§ **Problem details**: Although the entries contain pictures, write out only their text, exactly as it stands.

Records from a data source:
______________________________

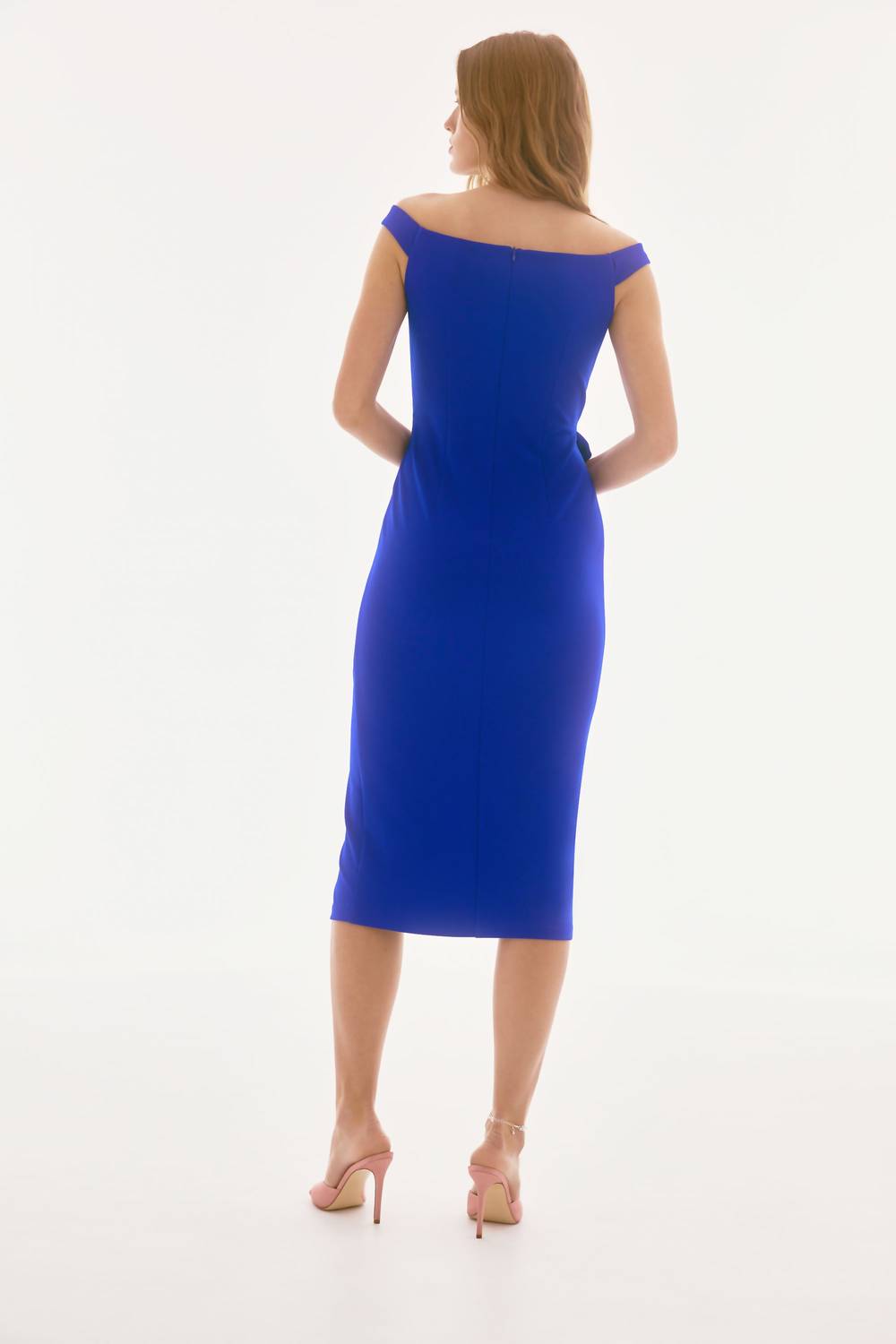 A midi dress so versatile, your options for wearing it are endless. The Joseph Ribkoff Off Shoulder Sheath Dress in Royal Sapphire offers elegant charm with a strapless design and off-the-shoulder neckline. Crafted from scuba crepe, this dress combines 95% Polyester with 5% Spandex for comfort and a flattering fit. It features a stylish slit neckline, front draping, and a waistline flower detail, finishing at a chic 42-inch midi length. Closure is ensured by a zip, and care instructions recommend hand washing and laying flat to dry.
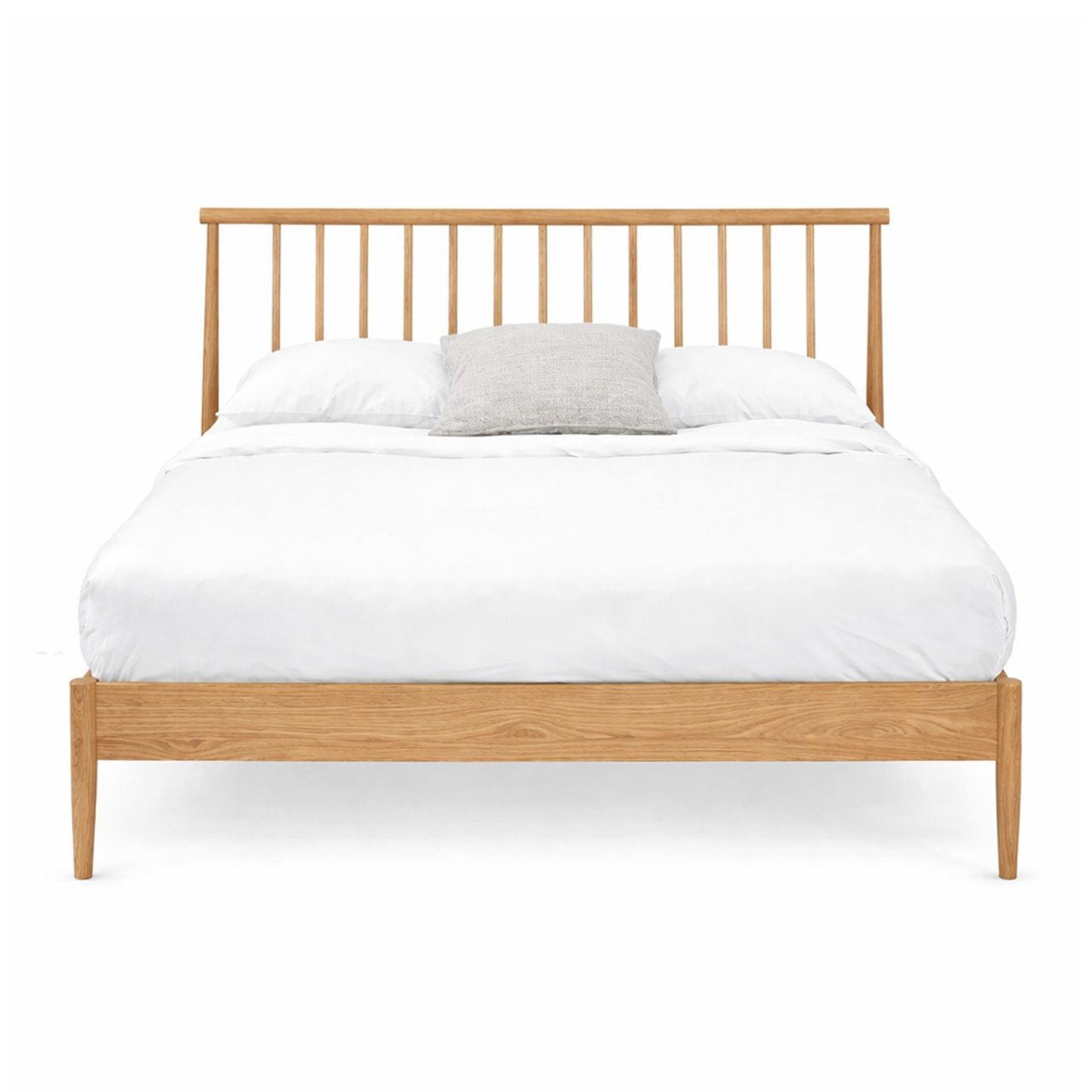 The Betty Double Spindle Bedframe in Black offers a contemporary twist on a classic spindle silhouette. Its angled spindles create an open, lightweight look, while the solid oak frame adds natural character with long-lasting strength. Tapered legs keep the profile sleek and modern, making the bed easy to use across both traditional and contemporary interiors. Built with a supportive slatted base and an additional central leg, it provides reliable comfort for everyday residential use and serviced accommodation.
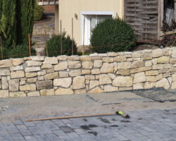 Blockstufen gesetzt und eine Natursteinmauer gebaut.
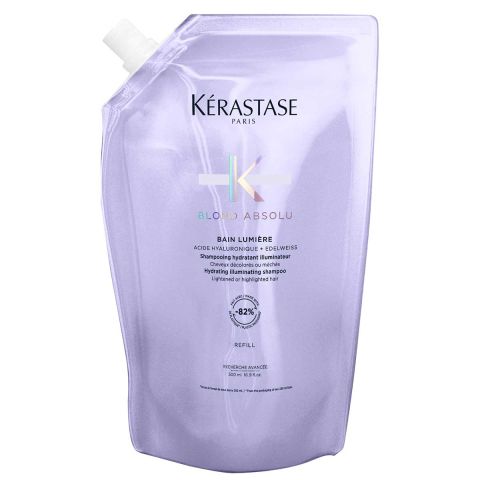 Kérastase Shampoo ml Blond Absolu Bain Lumiére Refill 500 bietet die gleiche hochwertige Pflege wie das Original-Shampoo, jetzt in einer umweltfreundlichen Nachfüllpackung. ml Das Shampoo 500 Refill besteht zu 100 % aus recyceltem Kunststoff* und verbraucht 82 % weniger Plastik**. Das speziell für blondes Haar entwickelte Shampoo kombiniert die feuchtigkeitsspendende Wirkung von Hyaluronsäure mit den schützenden Eigenschaften von Edelweiß. Die Formel reinigt das Haar gründlich und entfernt stumpfen Schmutz, während es die Haarfaser mit Feuchtigkeit versorgt und weich macht. Damit ist das Shampoo ideal für Haar mit Strähnchen, gebleichtes, graues oder leicht entfärbtes Haar.
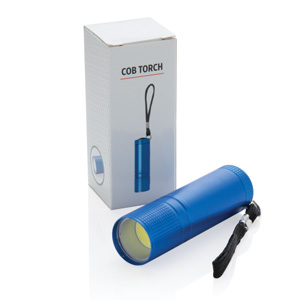 Superhelle COB-Leuchte im Taschenformat. COB ist heller ist das althergebrachte LED und benötigt dabei noch weniger Energie - kann somit bis zu 30% länger leuchten. Aluminiumgehäuse mit Trageriemen. Inkl. 3xAAA-Batterien
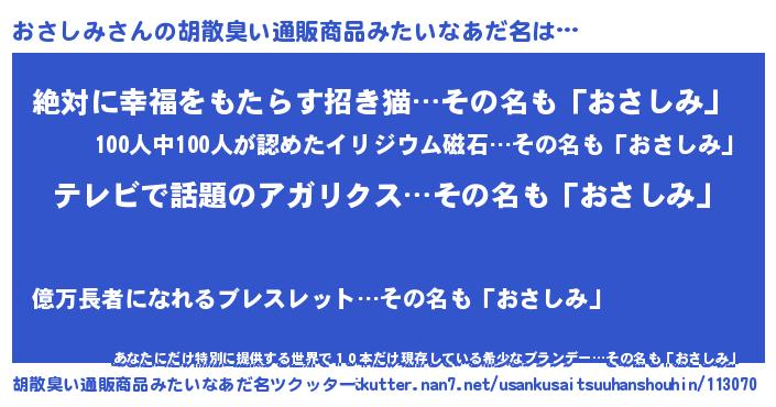 | 意味不明あだ名 | 『なめこ科おさしみ属』『自称おさしみ』 |
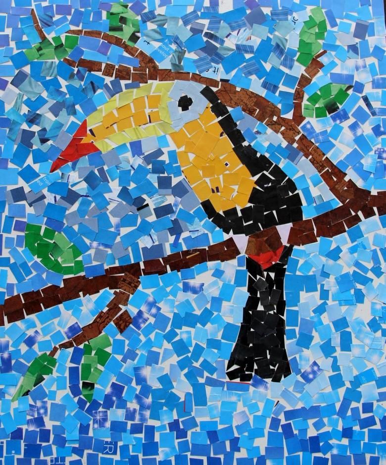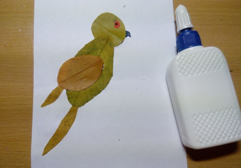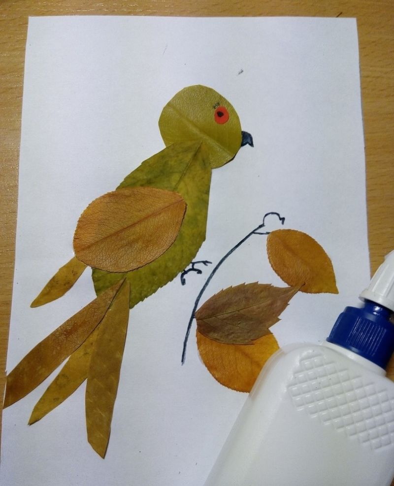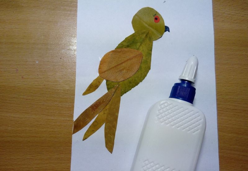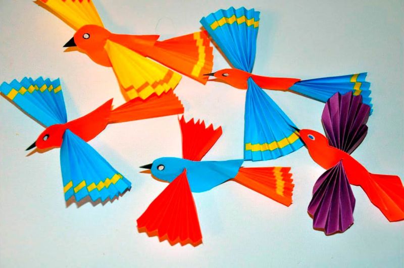 Можете да създадете впечатляваща изработка дори без шаблон за колаж с птици - трябват ви само цветна хартия, бял картон (А3), лепило, ножица, молив, флумастери и украшения.
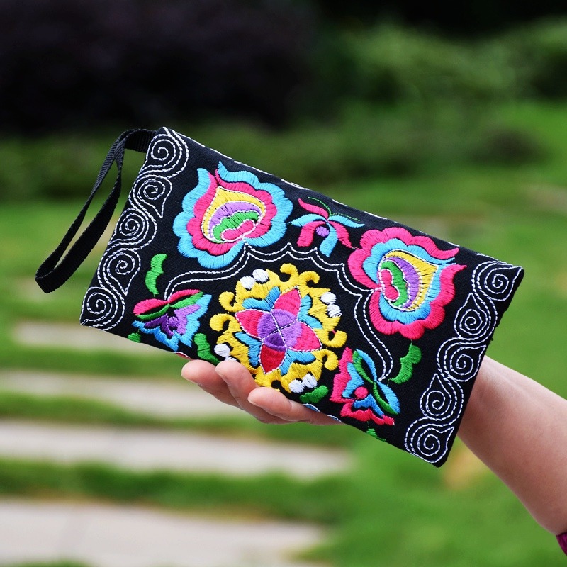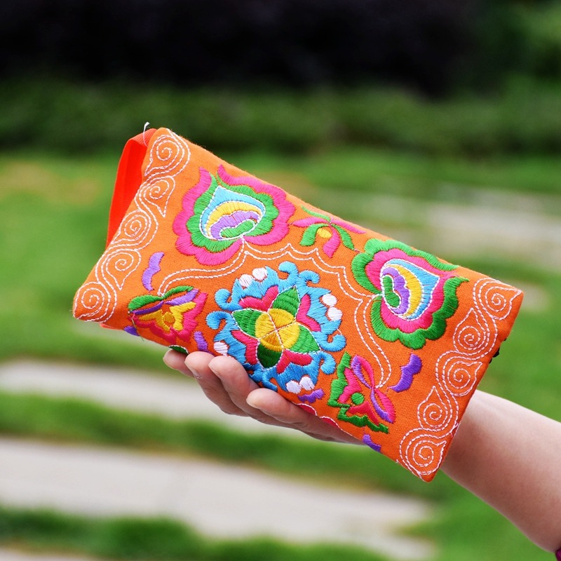 윈난 민족 자수 클러치 직물 화장품 가방 대용량 여성 긴 지갑 대외 무역 변화 휴대 전화 가방스토어 가기

______________________________

§ **Task answer**:
 A midi dress so versatile, your options for wearing it are endless. The Joseph Ribkoff Off Shoulder Sheath Dress in Royal Sapphire offers elegant charm with a strapless design and off-the-shoulder neckline. Crafted from scuba crepe, this dress combines 95% Polyester with 5% Spandex for comfort and a flattering fit. It features a stylish slit neckline, front draping, and a waistline flower detail, finishing at a chic 42-inch midi length. Closure is ensured by a zip, and care instructions recommend hand washing and laying flat to dry.
 The Betty Double Spindle Bedframe in Black offers a contemporary twist on a classic spindle silhouette. Its angled spindles create an open, lightweight look, while the solid oak frame adds natural character with long-lasting strength. Tapered legs keep the profile sleek and modern, making the bed easy to use across both traditional and contemporary interiors. Built with a supportive slatted base and an additional central leg, it provides reliable comfort for everyday residential use and serviced accommodation.
 Blockstufen gesetzt und eine Natursteinmauer gebaut.
 Kérastase Shampoo ml Blond Absolu Bain Lumiére Refill 500 bietet die gleiche hochwertige Pflege wie das Original-Shampoo, jetzt in einer umweltfreundlichen Nachfüllpackung. ml Das Shampoo 500 Refill besteht zu 100 % aus recyceltem Kunststoff* und verbraucht 82 % weniger Plastik**. Das speziell für blondes Haar entwickelte Shampoo kombiniert die feuchtigkeitsspendende Wirkung von Hyaluronsäure mit den schützenden Eigenschaften von Edelweiß. Die Formel reinigt das Haar gründlich und entfernt stumpfen Schmutz, während es die Haarfaser mit Feuchtigkeit versorgt und weich macht. Damit ist das Shampoo ideal für Haar mit Strähnchen, gebleichtes, graues oder leicht entfärbtes Haar.
 Superhelle COB-Leuchte im Taschenformat. COB ist heller ist das althergebrachte LED und benötigt dabei noch weniger Energie - kann somit bis zu 30% länger leuchten. Aluminiumgehäuse mit Trageriemen. Inkl. 3xAAA-Batterien
 | 意味不明あだ名 | 『なめこ科おさしみ属』『自称おさしみ』 |
 Можете да създадете впечатляваща изработка дори без шаблон за колаж с птици - трябват ви само цветна хартия, бял картон (А3), лепило, ножица, молив, флумастери и украшения.
 윈난 민족 자수 클러치 직물 화장품 가방 대용량 여성 긴 지갑 대외 무역 변화 휴대 전화 가방스토어 가기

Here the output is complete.